Ну,  я  рукой   им  махнула   да  и  побежала   к  сельсовету,  автобус   к  нам  один  раз  в день  заезжает,  опоздать   боюсь. 

Вернулась  я   -  темно  уж  было.   Печь   протопила,    да   спать  легла.   Утром   глазоньки  протёрла,  фуфайку  на  плечи  накинула,  в  огород  пошла  малую  нужду  справить.   На  дом  свой  взглянула:
- Бат-тюшки!
Так  в  сугроб  и  села  голым  задом.   Избу  мою – не  узнать!  Вместо  крыши   одни  стропила  соят,   белым  пухом  запорошенные.   Ночью  видать,  снежок   прошёл.  Я  чуть   ума  не  лишилась   с  перепугу.   Куда  бежать,  о  чём  кричать – не знаю.

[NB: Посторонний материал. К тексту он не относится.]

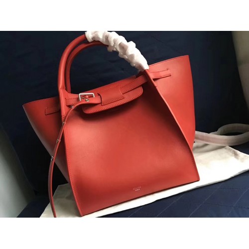 Малка голяма чанта Celine с дълга презрамка от мека телешка кожа с текстура в червено
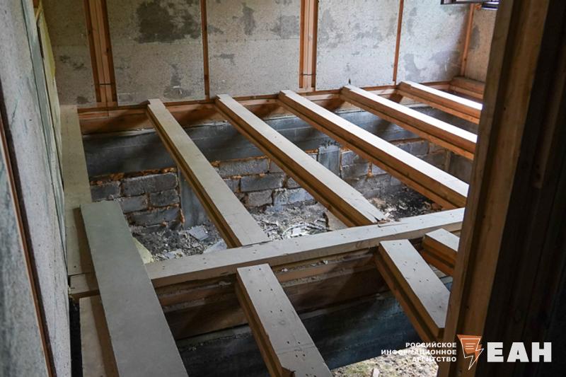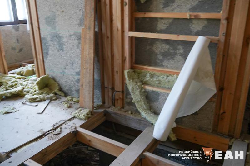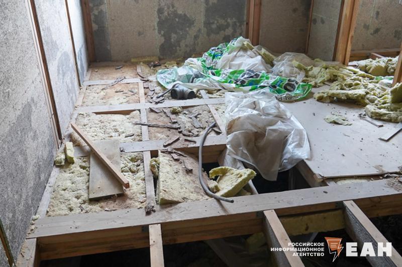 Издалека двухэтажный трехподъездный дом выглядит вполне прилично, как новый. Лишь подъехав поближе, видим, что многие стекла в доме разбиты, дверь в один подъезд зашита болтами, а в другие подъезды даже дверей нет. В этих подъездах внутри лишь лаги для пола, отсутствуют перекрытия, лестницы. В подъезде, который формально числился жилым, все двери покорежены – мародеры ломами взломали их и разграбили квартиры.
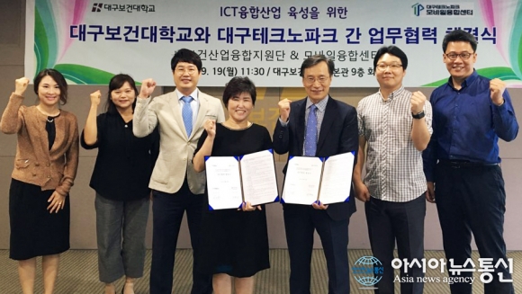 19일 오전 대구보건대 본관 소회의실에서 대구보건대 보건산업융합지원단과 대구테크노파크 모바일융합센터가 ICT융합산업 육성을 위한 업무협약을 체결한 후 기념촬영을 하고 있다. 왼쪽 3번째부터 김병곤 센터장, 이유정 단장, 최석권 센터장.(사진제공=대구보건대) ... 2016-09-19
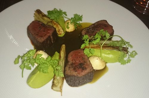 Cerf rouge de Nouvelle Zélande aux saveurs de gin (33$). L'un des plats signature de la Maison avec du cerf rouge en provenance directe de Nouvelle-Zélande (élevage Cervena) qui est travaillé ici autour d'ingrédients comme le genièvre, la coriandre, la réglisse ou le fenouil, utilisés traditionnellement dans l'élaboration du Gin, cet alcool britannique emblématique. Cuits sous vide pendant 45mn avant d'être saisis à la poêle, les morceaux sélectionnés par Matt Lambert proviennent du cuissot du cerf. Ils offrent une belle tendreté et une viande au goût moins faisandé que le cerf (élaphe) que l'on trouve notamment en Europe. La viande est accompagnée par de petites meringues de genièvre, du fenouil grillé, une purée de céleri-rave à la coriandre et un jus de viande (poulet, boeuf et cerf) à la réglisse et au vinaigre de Xérès. Un vrai plat de caractère, complexe mais équilibré !
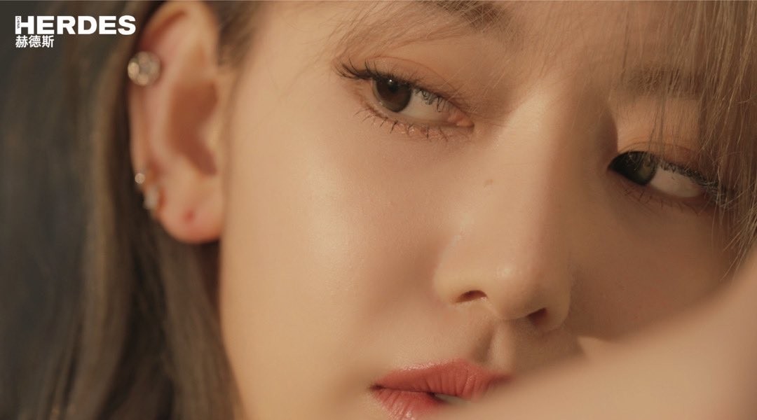Le Seraphim Heo Yoon-jin’s well-willed white tube top arm posture
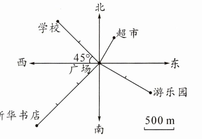 2. 游乐园在广场的南偏(
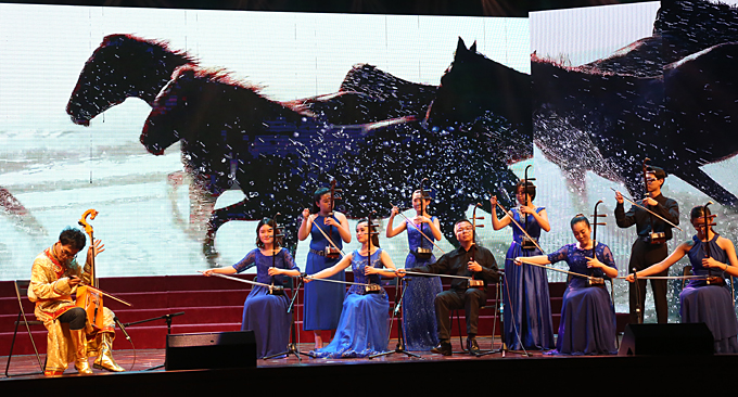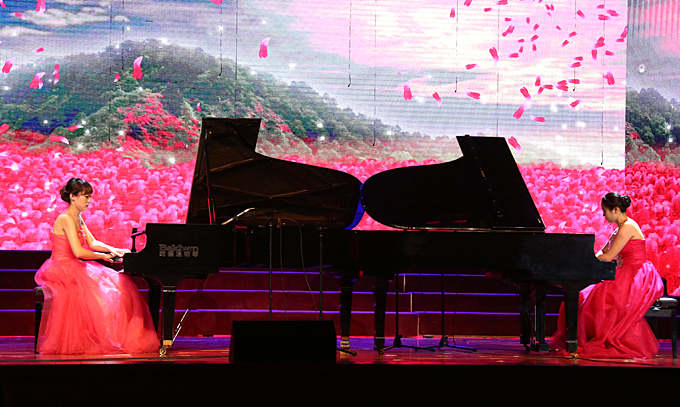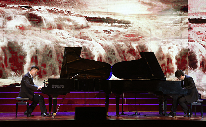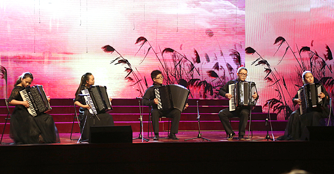 晚7点整,音乐会在合唱《忆秦娥·娄山关》中拉开帷幕。双钢琴协奏《黄河第一乐章——黄河船夫曲》、手风琴重奏《弹起我心爱的土琵琶》等一曲曲乐章或高亢、或悠扬,带领观众再次感受了中国共产党人浴血奋战、勇往直前的豪情壮志和必胜信念。女生小合唱《渔家姑娘在海边》·《天边有颗闪亮的星》、独唱《在希望的田野上》等一首首歌曲或优美、或雄壮,表达了人民对中国共产党的无限热爱和对美好生活的执着追求。忆往昔峥嵘岁月,观今朝繁花似锦,整场演出气氛热烈、激情昂扬,观众报以阵阵掌声。
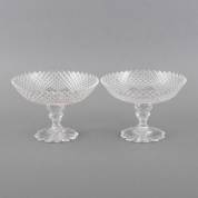 Paar kristallen tazza's met ruitslijpsel op stervormige voet, 19e eeuw -één tazza met twee chips langs rand-, 15 × Ø 22 cm
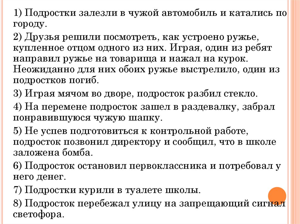 1) Подростки залезли в чужой автомобиль и катались погороду.

Подхватилась   я  - сама  космачом,  в  валенках   на   босу   ногу,  фуфайчонка  навстречу  ветру  распахнулась:
- Караул!  Помогите,  люди добрые!
Бегу  сломя  голову    куда  ноги   несут.   Какая-то   плешивая   собачонка   за  мной   увязалась,  и  ну,  давай   лаять  с  перепугу.   За  ней  ещё   собаки  выскочили  - и  за  мной!  Надо  сказать,  что  хоть  домов  в  деревне  убавилось,  а  собак   вроде   даже  больше   стало.   Эдаким  ревуще-лаящим   клубком  приблизились   мы  к  сельсовету.   

На  шум  председатель  наш,  Митрич,   выскочил,  подхватил  меня:
-  Что  блажишь,  Никифоровна?  Не  пожар  ли  у  тебя?

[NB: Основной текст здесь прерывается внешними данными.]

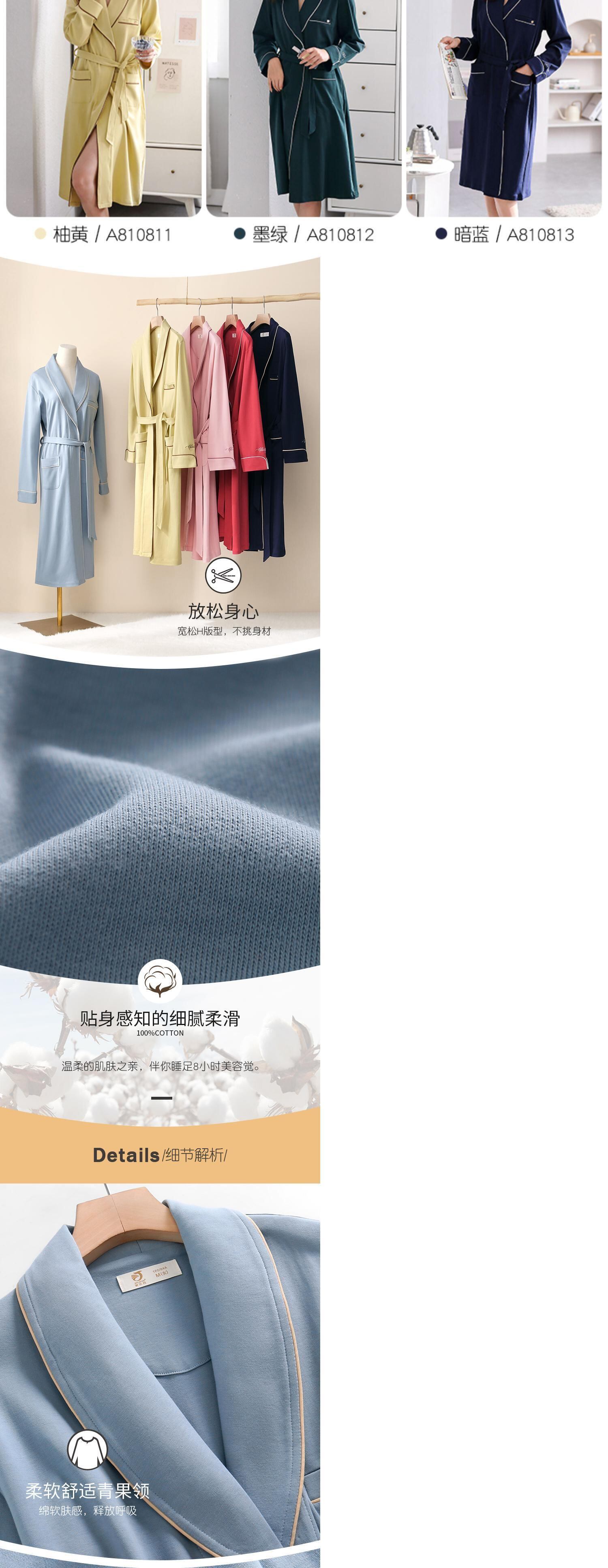 ナイトガウンレディースパジャマ春と秋のバスローブナイトドレス長く薄いセクション純綿長袖綿浴衣ホームサービスeseスタイル jial97880959977
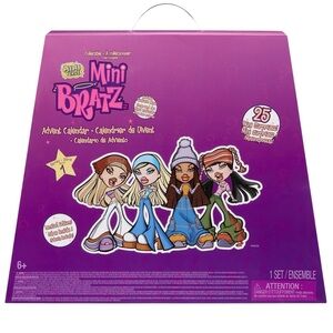Mini Bratz advent calendar set with vibrant packaging. Includes colorful designs featuring Bratz characters.
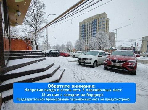 Начнем с того, что на обещанную на сайте парковку мне предложили штурмовать бордюр, что на мой взгляд не очень гостеприимно. На возражение, что колеса дорого стоят и парковаться на тротуаре запрещено ПДД мне возразили, что у них можно. Вероятно в Краснодарском крае свои ПДД. К сожалению ознакомить с ними не смогли. Второй вариант - стать на островке безопасности, что также не соответствует ПДД. Или соответствуют тем, с которыми увы не ознакомили. На просьбу вернуть деньги за бронь услышала откровенное хамство. Уголок покупателя не нашелся. Как и жалобная книга. Наверное плохо искали. Пришлось ехать в другой отель. И кстати доступность для маломобильных граждан, которую также обещали на сайте, не совсем понятно как собирались обеспечить. К счастью есть много других прекрасных отелей в Краснодаре.

Я  сказать  ничего   не  могу,   запалилась  вся  как  есть,  отдышаться  не  могу:
- Крышу,  -   кричу,  -  крышу  снесло  у  меня!   Покамест   в  район  съездила!
Митрич   перекрестился:
- Прости  господи,  воля   твоя,   до  чего   народ   довели.  Бабки   заполошные   по  деревне   чуть ли не  голышом  бегают. 

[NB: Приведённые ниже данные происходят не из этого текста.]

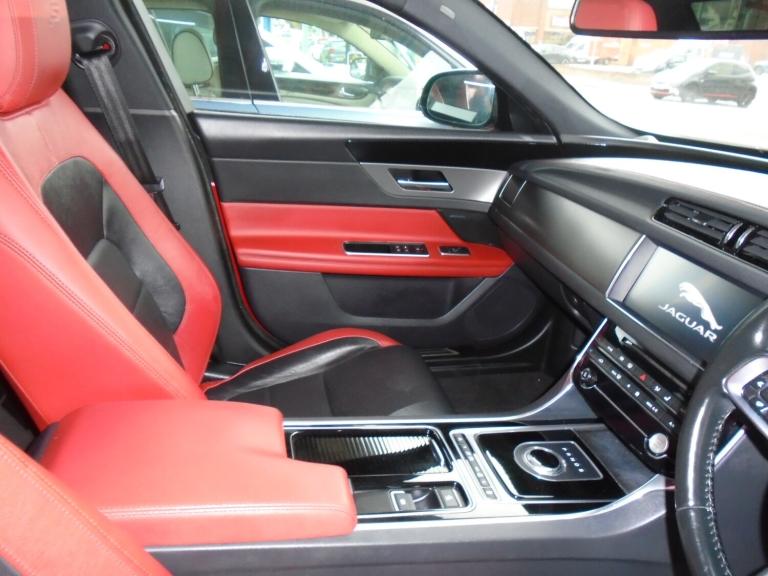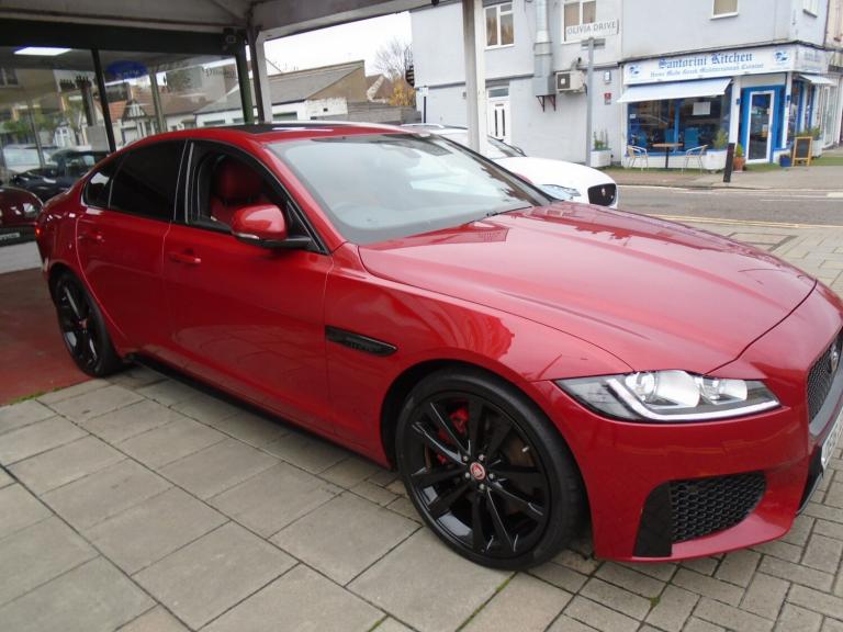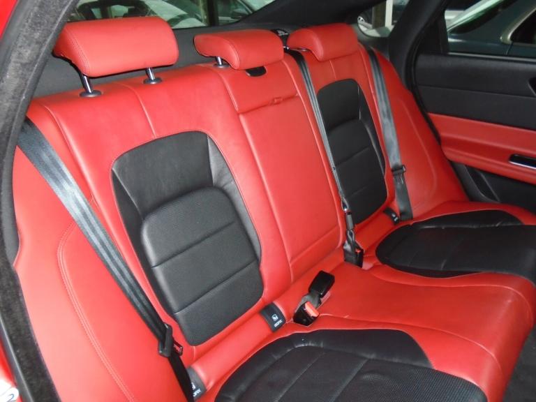 Jaguar XF X260 Model 300S 3.0 V6TDI..Finished in Frienze red with contrasting Mulberry and warm charcoal sport seats, a really High spec example of the sport saloon,so fast and powerful with unbeliveable fuel economy, just such good value, twin TFT screens, heated steering wheel,glass panoramic roof, 20"" Venom gloss black alloys, Meridian sound,keyless go,lane assist,auto xenons,LED daytime running lamps, front and rear PDC, Multi setting driver modes to personalise driver settings, heated seats, sport extended body trim with boot spoiler, elec column adj,power fold heated mirrors,black pack,a really fast ULEZ compliant car sporting,practical and economical in the best colour too,
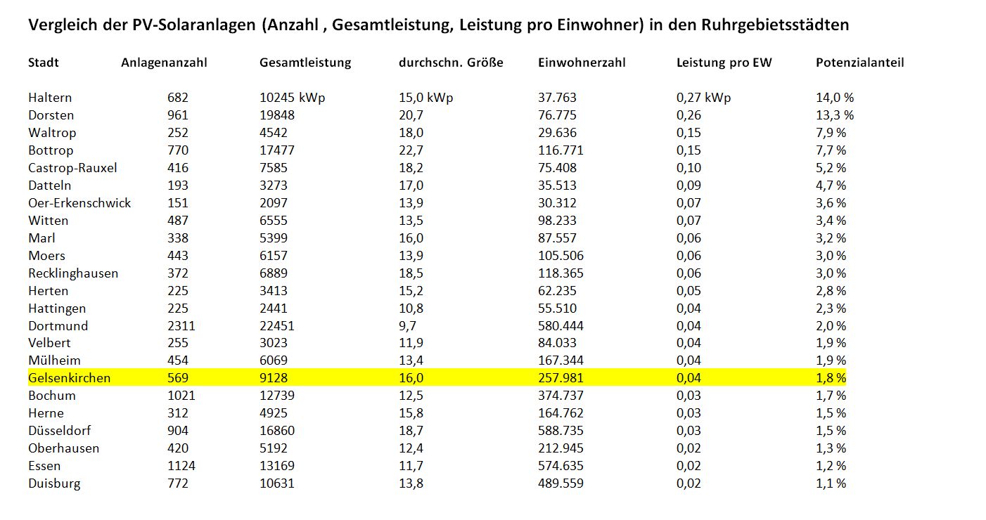 „trailer Ruhr“ hat 22 Städte des engeren Ruhrgebiets sowie die Landeshauptstadt Düsseldorf miteinander verglichen. In diesem Ranking wird jede Kommune mit der realen Solarstrom-Leistung pro Einwohner/in bewertet, ferner mit der bisherigen Ausnutzung ihrer Chancen. Tabellenführer ist eine ländliche Randgemeinde: Haltern am See. Dort weist man jedem Bürger 270 Solar-Watt zu und hat die Möglichkeiten immerhin zu 14 Prozent genutzt. Die „rote Laterne“ hält Duisburg mit 20 Watt und 1,1 % Potenzialausbeute. In der „ersten Liga“ findet sich mit der „Innovation City“ Bottrop (Platz 4) lediglich eine Großstadt, es folgen Dortmund (14.), Mülheim (16.), Gelsenkirchen (17.), Bochum (18.), Herne (19.), Oberhausen (21.) und Essen (22.). Die betuchte Landeshauptstadt Düsseldorf kommt nicht über Platz 20 hinaus.

Затащил  меня  председатель  к  себе  в  кабинет,  водички  налил,  усадил  на  скамеечку.    Тут  от  воды  да  от   пережитОго  я   зашлась  навзрыд  и  остановиться  не  могу.   Чувствую,   припадком  меня  колотить  начинает.    Митрич   перепугался,   диск   телефона  пальцем  крутит,   сам  на  меня  косится.

Вскоре  машина  под    сельсоветовским   окном   остановилась.  Посадили  меня   в  неё  и повезли.   Попала  я  опять  в  больницу,   откуда  вчера   вечером   приехала.  По  дороге  укол  поставили,  успокоилась  немного.   Врач  внимательно   на   меня  смотрит  и  спрашивает:
-  Что  вас  беспокоит,  бабушка?
- Крыша    беспокоит,  миленький.  Крышу  у  меня  снесло. 
- Какую  крышу?
- Синюю,  милок,   железную.  Одни  стропила   остались,   протекать  будет.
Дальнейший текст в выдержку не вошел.